Capstone: Zero-Downtime Blue-Green Infrastructure
Congratulations on reaching the final capstone project of the Terraform & AWS DevOps Mastery track!
Throughout this course, you have designed networks, secured credentials, provisioned clusters, and automated delivery pipelines. In this capstone, we pull all these skills together to solve one of the most difficult challenges in systems engineering: executing zero-downtime infrastructure upgrades.
Specifically, we will design and build a Blue-Green Deployment Infrastructure that provisions a new application environment (Green) alongside our running environment (Blue) and swaps traffic seamlessly at the load-balancer layer.
The Blue-Green Architecture Layout
- Blue Environment: The current active production environment running version
1.0.0of our application. - Green Environment: The new environment running version
2.0.0of our application. - Application Load Balancer (ALB): The traffic router. It routes public traffic strictly to the Blue environment until the Green environment passes all health checks, at which point it shifts traffic gracefully.
[ Public Internet traffic ]
│
▼
[ Application Load Balancer ]
/ \
(Weight: 0%) / \ (Weight: 100%)
▼ ▼
[ Target Group Blue ] [ Target Group Green ]
(App Version: 1.0.0) (App Version: 2.0.0)
Step 1: Enforcing Order of Operations with Lifecycle Rules
By default, when you modify a resource that requires replacement (like altering an ECS Task Definition port or launching a new SQS queue configuration), Terraform destroys the existing resource first and then provisions the new one. This results in service downtime.

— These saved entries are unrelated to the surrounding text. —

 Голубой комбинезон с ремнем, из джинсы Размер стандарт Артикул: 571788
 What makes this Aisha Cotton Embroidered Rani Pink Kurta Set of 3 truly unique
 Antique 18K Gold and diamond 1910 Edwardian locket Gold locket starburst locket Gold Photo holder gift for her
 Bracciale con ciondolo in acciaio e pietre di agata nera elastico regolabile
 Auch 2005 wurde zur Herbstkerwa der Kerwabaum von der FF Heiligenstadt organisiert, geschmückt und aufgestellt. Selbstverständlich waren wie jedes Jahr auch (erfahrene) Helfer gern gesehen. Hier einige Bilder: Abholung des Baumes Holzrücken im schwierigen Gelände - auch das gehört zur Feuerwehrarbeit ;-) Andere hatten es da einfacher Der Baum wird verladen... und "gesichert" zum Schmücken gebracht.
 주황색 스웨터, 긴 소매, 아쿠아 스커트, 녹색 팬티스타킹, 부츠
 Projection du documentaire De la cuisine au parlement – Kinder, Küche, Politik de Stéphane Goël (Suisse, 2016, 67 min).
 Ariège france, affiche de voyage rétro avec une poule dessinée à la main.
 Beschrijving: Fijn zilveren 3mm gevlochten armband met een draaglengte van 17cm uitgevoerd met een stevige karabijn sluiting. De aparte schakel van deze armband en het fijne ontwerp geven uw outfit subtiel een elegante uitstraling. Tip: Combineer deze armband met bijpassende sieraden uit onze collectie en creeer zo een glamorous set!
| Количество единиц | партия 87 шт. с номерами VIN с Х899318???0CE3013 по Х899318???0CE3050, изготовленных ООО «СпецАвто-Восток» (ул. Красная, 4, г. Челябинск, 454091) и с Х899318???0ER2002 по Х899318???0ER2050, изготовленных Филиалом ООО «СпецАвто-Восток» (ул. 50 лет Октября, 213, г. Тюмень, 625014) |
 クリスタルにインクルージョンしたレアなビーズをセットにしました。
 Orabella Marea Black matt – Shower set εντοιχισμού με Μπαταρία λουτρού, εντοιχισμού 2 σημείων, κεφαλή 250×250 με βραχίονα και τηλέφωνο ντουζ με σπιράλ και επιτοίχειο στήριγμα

To change this, we must enforce a strict create_before_destroy lifecycle policy:
# modules/app/main.tf
# Define stateless container task
resource "aws_ecs_task_definition" "app" {
family = "${var.environment}-app"
network_mode = "awsvpc"
requires_compatibilities = ["FARGATE"]
cpu = "256"
memory = "512"
# ...
lifecycle {
# Force Terraform to spin up the new task version BEFORE terminating the old task version
create_before_destroy = true
}
}
Step 2: Provisioning Twin Target Groups
We provision two separate, identical target groups for our Load Balancer to hook up our Blue and Green tasks:
# modules/alb/blue-green.tf
# 1. Blue Target Group
resource "aws_lb_target_group" "blue" {
name = "${var.environment}-tg-blue"
port = 8080
protocol = "HTTP"
vpc_id = var.vpc_id
target_type = "ip"
health_check {
path = "/health"
}
}
# 2. Green Target Group
resource "aws_lb_target_group" "green" {
name = "${var.environment}-tg-green"
port = 8080
protocol = "HTTP"
vpc_id = var.vpc_id
target_type = "ip"
health_check {
path = "/health"
}
}
Step 3: Implementing Weighted Traffic Splitting
Now, we configure our Application Load Balancer listener. Instead of routing traffic to a single target group, we use a forward action with target_group weights.
By parameterizing these weights, our GitOps pipeline can shift traffic progressively (e.g. 10% canary traffic to Green -> 50% -> 100%):
# modules/alb/variables.tf
variable "blue_weight" {
description = "Percentage of traffic to route to the Blue target group (0-100)"
type = number
default = 100
}
variable "green_weight" {
description = "Percentage of traffic to route to the Green target group (0-100)"
type = number
default = 0
}
# modules/alb/blue-green.tf (continued)
resource "aws_lb_listener" "http" {
load_balancer_arn = aws_lb.this.arn
port = "80"
protocol = "HTTP"
default_action {
type = "forward"
forward {
target_group {
arn = aws_lb_target_group.blue.arn
weight = var.blue_weight # e.g. 100 during normal ops
}
target_group {
arn = aws_lb_target_group.green.arn
weight = var.green_weight # e.g. 0 during normal ops
}
}
}
}
Step 4: The Zero-Downtime Rollout Execution
When a new code release is merged:
- The CI pipeline triggers a Terraform run, creating the Green container tasks.
- The Green tasks register with
aws_lb_target_group.greenand begin executing health checks. - Once Green is fully healthy, the pipeline runs a surgical targeted apply to update the ALB weights:
terraform apply -var="blue_weight=0" -var="green_weight=100" -auto-approve - The Load Balancer gracefully shifts active connections to the Green tasks. Old connections on Blue are drained over 30 seconds (
deregistration_delay), resulting in absolute zero downtime. - Once traffic has migrated fully, the old Blue containers are cleanly decommissioned.
Congratulations!
You have designed, implemented, and executed a fully automated, production-grade Blue-Green deployment infrastructure. You are now equipped with the advanced technical systems knowledge needed to provision and manage modern, secure, and resilient cloud architectures at scale.